12 October 2014

Allegory?

Your weekly dose of Spurgeon
The PyroManiacs devote some space each weekend to highlights from the lifetime of works from the Prince of Preachers, Charles Haddon Spurgeon.  The following excerpt is from The Teachings of Nature in the Kingdom of Grace, pages 23-24, Pilgrim Publications.
 "I pray you, never regard that story of the serpent as a fable."

It is said, nowadays, that it is a mere allegory. Yet there is nothing in the Book to mark where history ends and parable begins: it all runs on as actual history; and as Bishop Horsley forcibly remarks, “If any part of this narrative be allegorical, no part is naked matter of fact.”

It seems to me that if there was only an allegorical serpent, there was an allegorical Paradise, with allegorical rivers, and allegorical trees; and the men and women were both allegorical, and the chapter which speaks of their creation is an allegory; and the only thing that exists is an allegorical heaven and an allegorical earth.

If the Book of Genesis be an allegory, it is an allegory all through; and you have an allegorical Abraham, with allegorical circumcision, an allegorical Jacob and an allegorical Judah; and it is not unfair to push the theory onward, and impute to Judah allegorical descendants called Jews. But if you borrow any money of this race, you will not find them allegorical when you have to pay.

It is idle to call the narrative of the Fall a mere allegory; one had better say at once that he does not believe the Book. There is something sane about that declaration, although it be folly; but to say, “Oh, yes, it is a venerable volume, and worthy to be studied; but it is padded out with many an allegory,” is to say something which confutes itself, if you come to look into it.

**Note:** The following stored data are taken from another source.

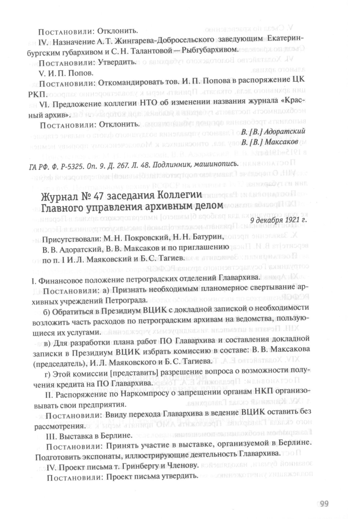 Журнал № 47 заседания Коллегии Главного управления архивным делом. 9 декабря 1921 г.
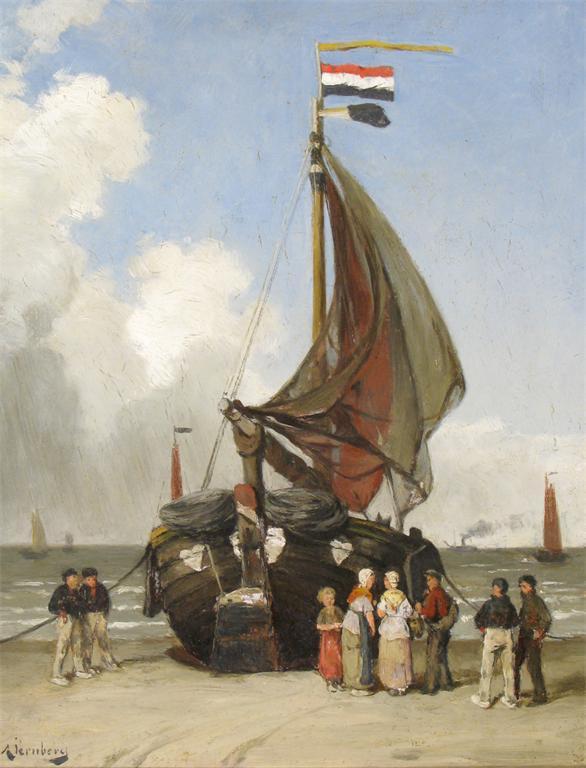 August Jernberg (Swedish 1826-1896) Figures by a fishing boat on the shore Signed Oil on panel...
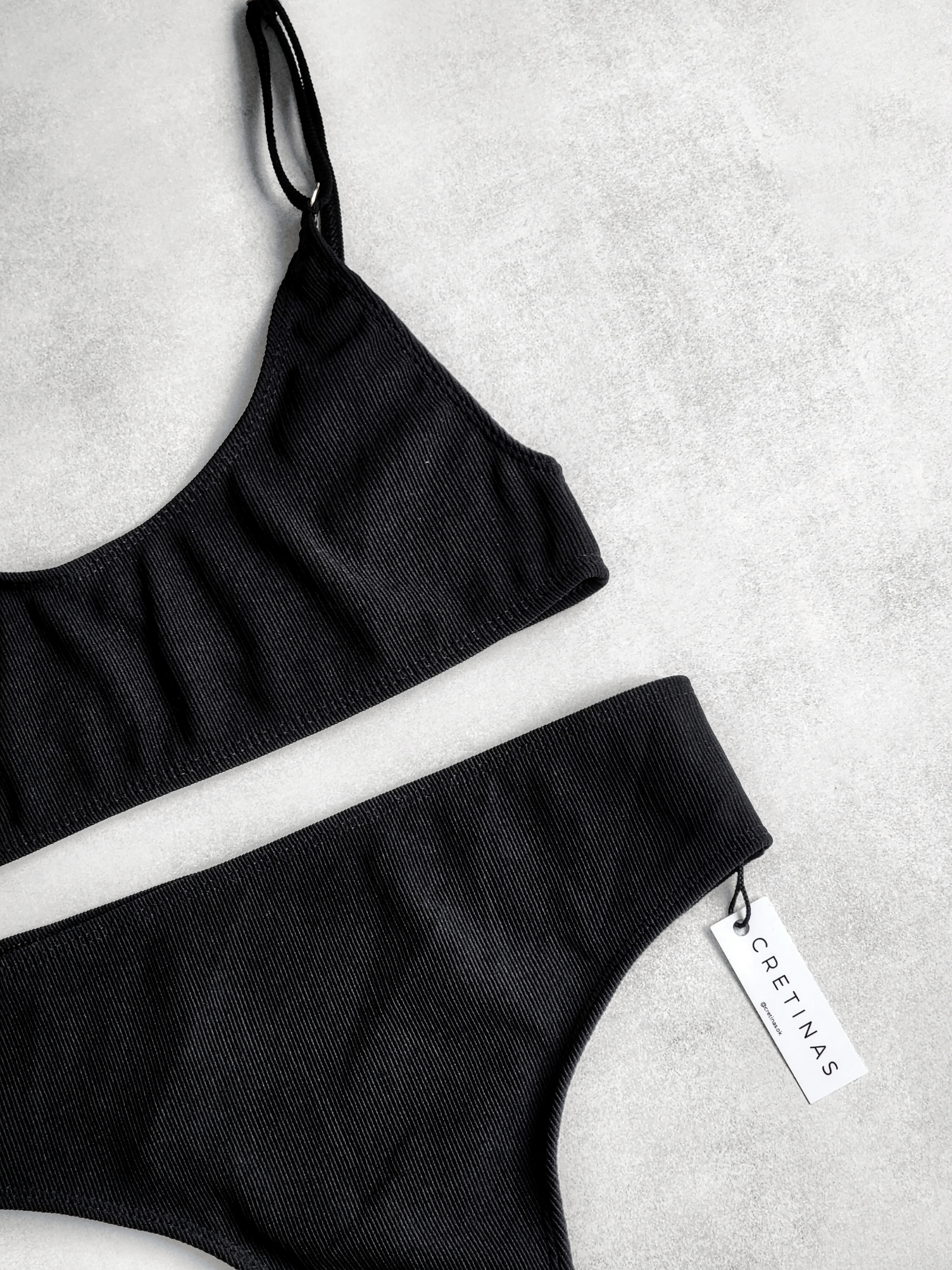 Conjunto texturado tipo morley grueso. Corpiño bando con breteles regulables y tazas desmontables. Bombi colaless tiro alto
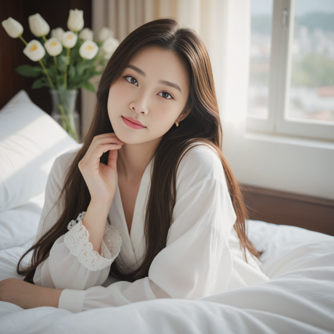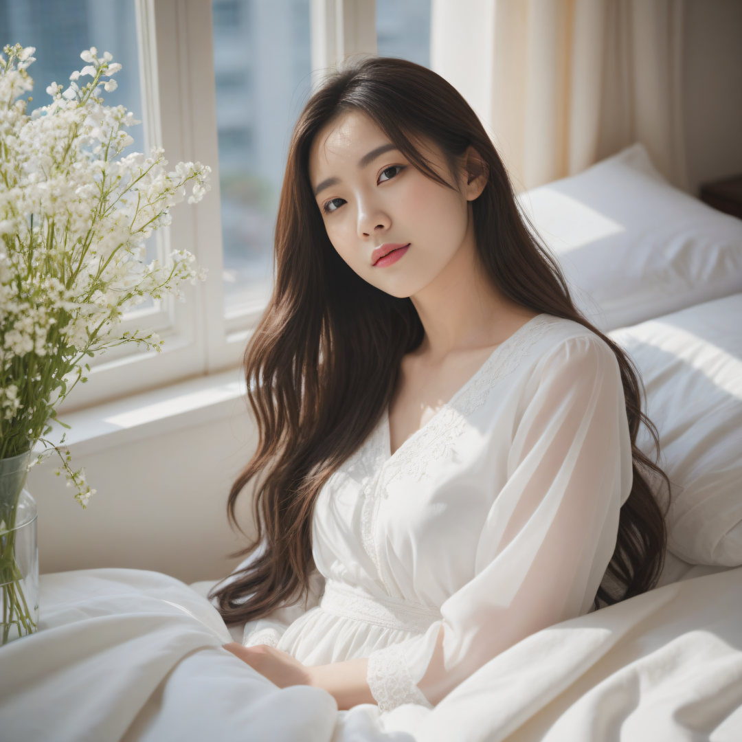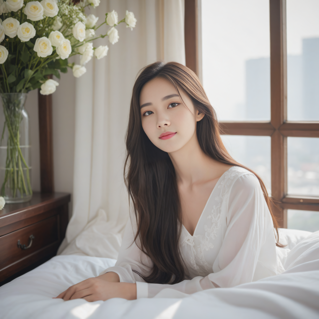 提示词: 1超级漂亮的中国女孩,长发,穿着白色的连衣裙,长发,躺在床上,阳光照在她的头发上,看着镜头,窗户上开满了花,

The Book is intended to be real history, and it contains some portions which, by the consent of everybody, are real history; but Moses could not be an historian, and yet set mere fables before us as a part of his story. To write a jumble of allegory and of fact causes a man to lose the character of a reliable historian, and we had better repudiate him at once.

There was a real serpent, as there was a real Paradise; there was a real Adam and Eve, who stood at the head of our race, and they really sinned, and our race is really fallen. Believe this.